Fanuel Hanán Díaz en la Academia Venezolana de la Lengua.
  • Fanuel Hanán Díaz en la Academia Venezolana de la Lengua.

El lenguaje olvidado de la infancia

Fanuel Hanán Diaz
Buenos días a todos los que hoy me acompañan en este acto de incorporación a la Academia Venezolana de la Lengua. Me alegra ver tantas caras conocidas, de personas que han tenido una incidencia para que yo me encuentre ahora en este podio de tanto prestigio para las letras. Quiero agradecer especialmente la presencia de mi familia, de José Gregorio Toro y de D. Horacio Biord Castillo que han sido acompañantes fundamentales para alcanzar este reconocimiento. 

Desde hace más de treinta años me dedico a la investigación y estudio de la literatura infantil y juvenil. De hecho, cuando me preguntan si soy escritor o especialista o profesor o editor siempre aclaro que sí, que soy todas esas cosas, pero que principalmente me defino como investigador.
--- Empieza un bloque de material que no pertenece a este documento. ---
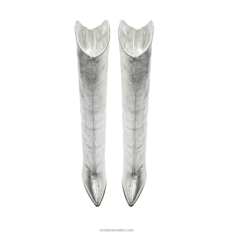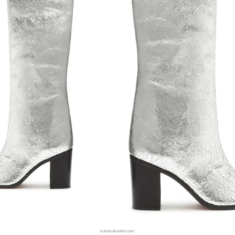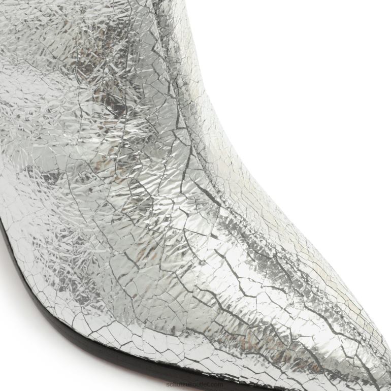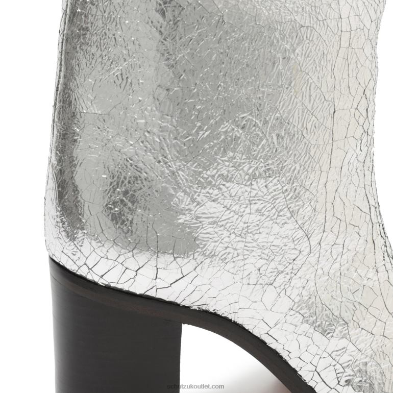 UK Schutz Maryana Block Crackled Leather Boot Silver 806T8790
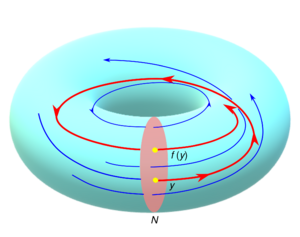 The term "first return (recurrence) map" comes from the theory of dynamical systems. Let Φt be a nonsingular Cr flow (r ≥ 1) on the compact n-manifold M. In applications, one can imagine that M is a cyclotron or some closed loop with fluid flow. If M has a boundary, the flow is assumed to be tangent to the boundary. The flow generates a 1-dimensional foliation [math]\displaystyle{ \mathcal{F} }[/math]. If one remembers the positive direction of flow, but otherwise forgets the parametrization (shape of trajectory, velocity, etc.), the underlying foliation [math]\displaystyle{ \mathcal{F} }[/math] is said to be oriented. Suppose that the flow admits a global cross section N. That is, N is a compact, properly embedded, Cr submanifold of M of dimension n – 1, the foliation [math]\displaystyle{ \mathcal{F} }[/math] is transverse to N, and every flow line meets N. Because the dimensions of N and of the leaves are complementary, the transversality condition is that
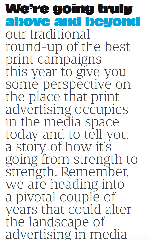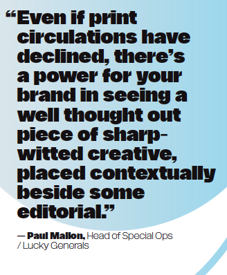 There is also evidence that digital clutter might be driving brands to consider, in a fresh way, the power of print. Recently, General Electric took over The New York Times’ print advertising for a day, amounting to 22 full-page colour ads as well as five partial pages. Omnicom-owned ad agency TBWA paid for its ‘Last Ad from
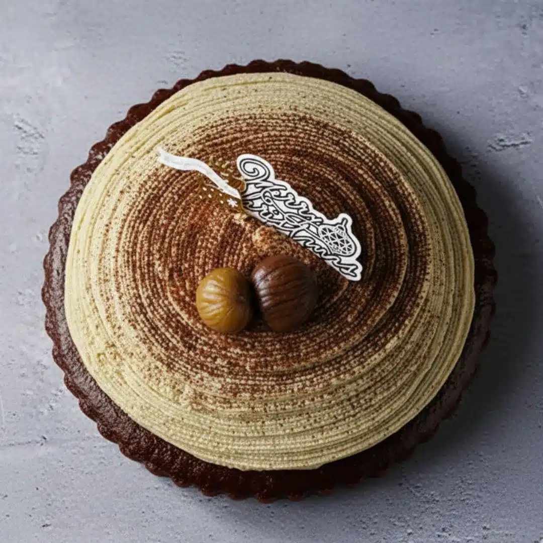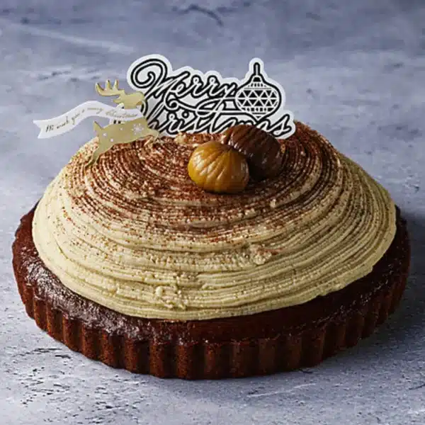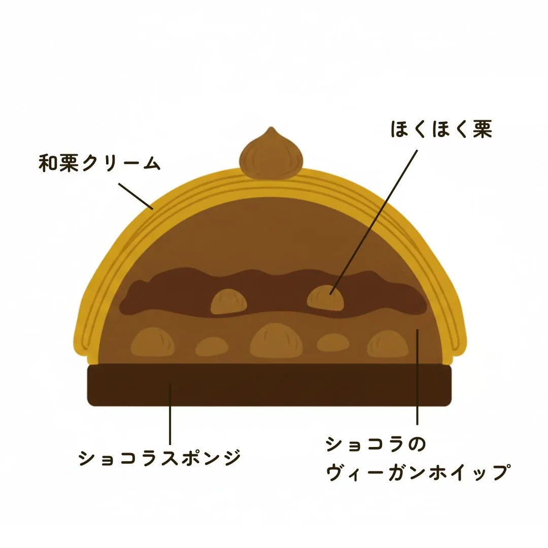 しっとりと焼き上げたショコラスポンジに、なめらかなショコラクリームと九州産和栗のマロンクリームを重ねました。チョコレートの深いコクと和栗のやさしい甘さが上品にとけ合う、贅沢な味わいのヴィーガンホールケーキです。
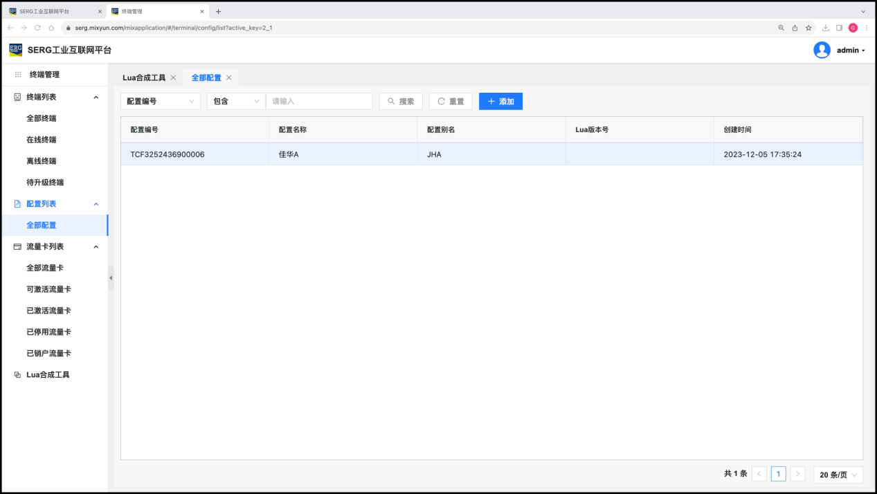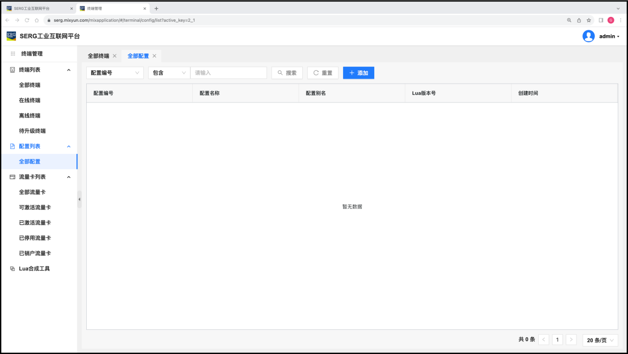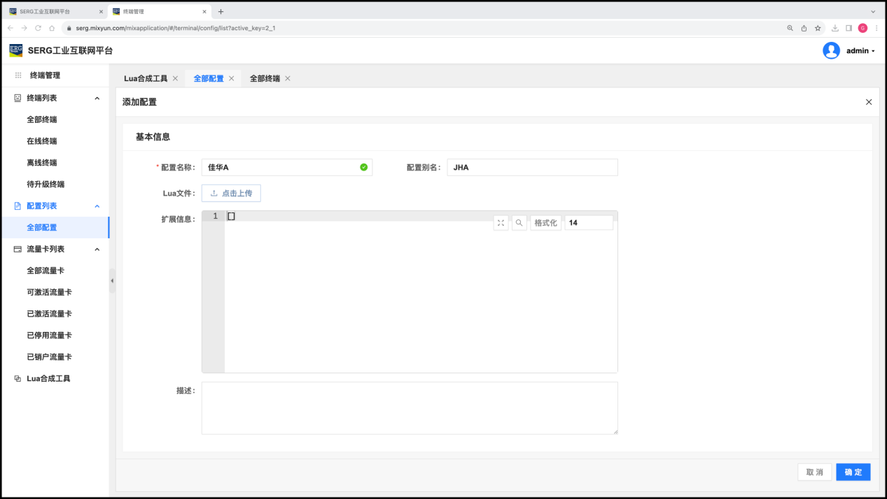 打开 “终端管理” 应用就很容易看到,应用有三个菜单(经常也称为三个菜单版块),分别是:“终端”、“配置”和“流量卡”。最后还有—个“Lua合成工具”。

La investigación es un oficio solitario, que requiere mucho tiempo de dedicación y sobre todo rigor. Estar horas escudriñando por cuenta propia, dedicar mucho del tiempo libre, sábados, domingos, para avanzar en proyectos de estudio sin el amparo de una universidad o institución es lo que he hecho gran parte de mi vida. Es lo que en inglés se llama independente scholar. Y celebro que la Academia haya tenido la generosidad de incluir un perfil como el mío para formar parte de este cónclave porque alienta el trabajo de personas como yo que hacemos una labor que muchas veces pasa desapercibida. Pero, principalmente porque otorga un espaldarazo a la literatura infantil y juvenil en un ámbito tan formal de la lengua española.
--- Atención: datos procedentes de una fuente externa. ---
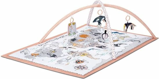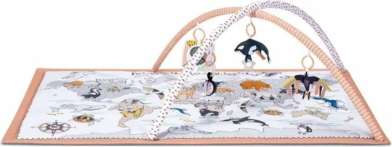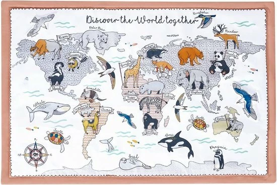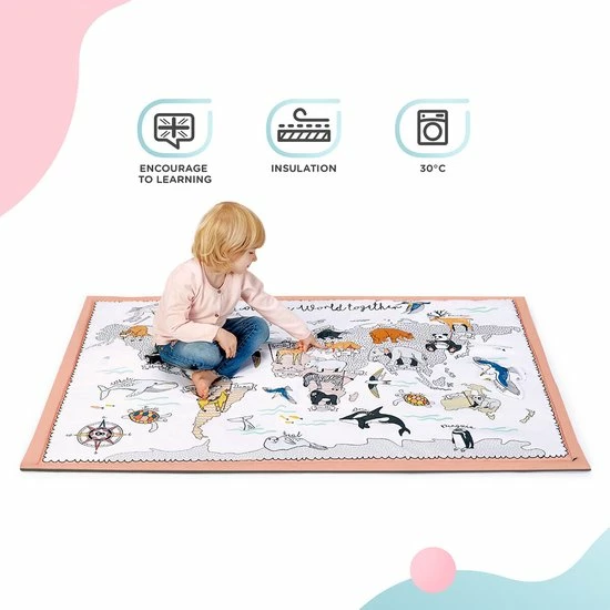 - en bovendien vermaakt en leert het: de continenten en de dieren die er wonen worden zijn op het speelkleed gedrukt en in het Engels beschreven.
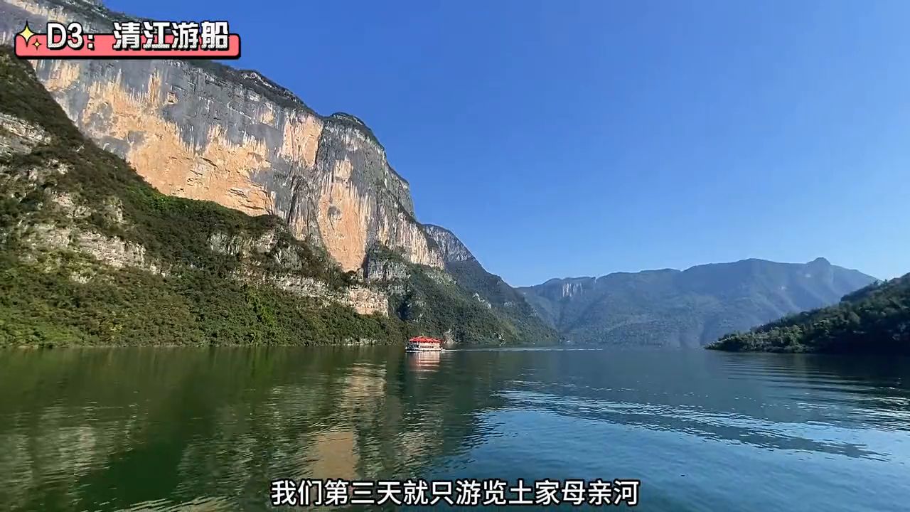 ·第二天直接杀到恩施大峡谷,打卡七星寨和一线天。这是恩施最受欢迎的景点,据说是地球最美丽的"伤痕",也有说是地球最美丽的峡谷。但是全程下来暴走不少于5个小时,小乖乖们这天会有点废腿。所以第三天就只游览土家母亲河清江河,坐个船悠哉悠哉的一天,欣赏清江十景之一的蝴蝶崖。
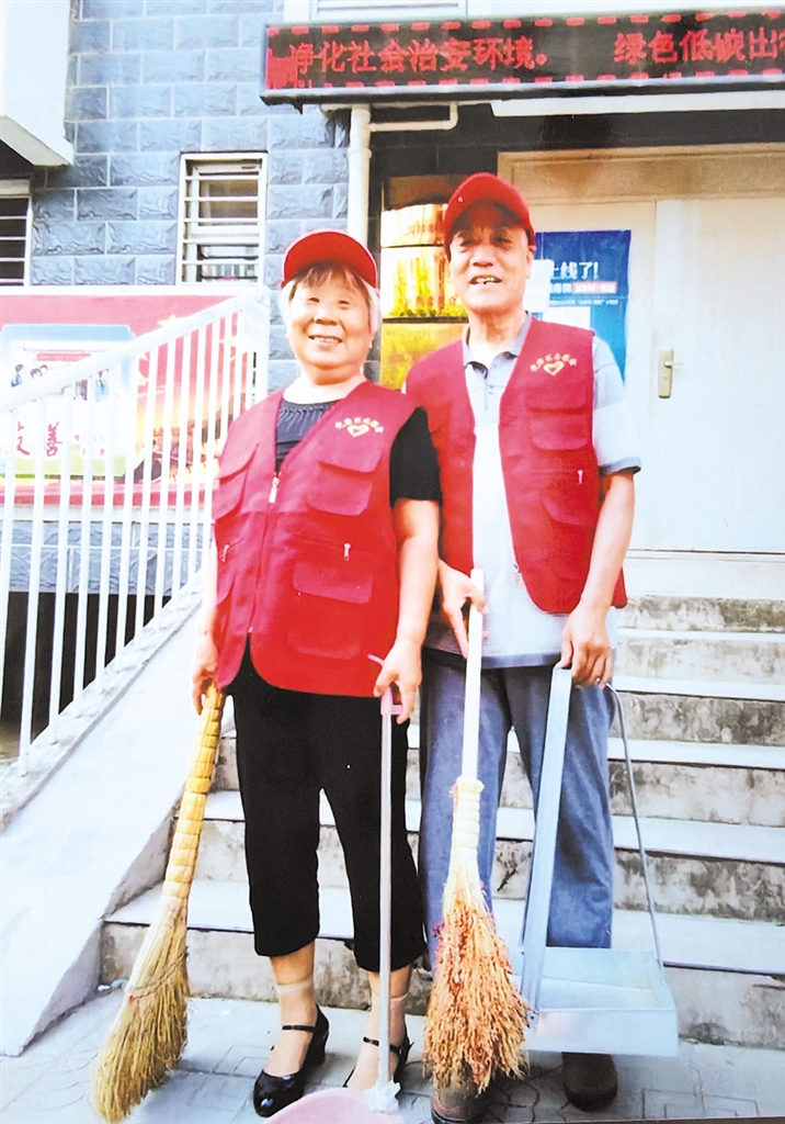 老两口一起参加社区义务劳动时的合影。

Quiero viajar por un momento a un territorio muy personal, mis recuerdos de infancia. Como dice Paul Auster: “la memoria es un lugar real que podemos visitar”. Vívidas imágenes me sorprenden, mi padre lector impenitente quien todas las noches sin falta tomaba un libro para leer a la luz de una lámpara; la casa colonial donde pasé parte de mi niñez con un patio lleno de árboles frutales y pájaros y ensoñaciones; las historias de entierros con botijas de morocotas que se contaban en la familia; la hacienda en Turén donde pasábamos las vacaciones y sin saberlo donde de manera intuitiva me llené de las experiencias más potentes del realismo mágico… todos hemos configurado un recuerdo de esa geografía particular que en algún momento habitamos y que dejamos atrás sin darnos cuenta. 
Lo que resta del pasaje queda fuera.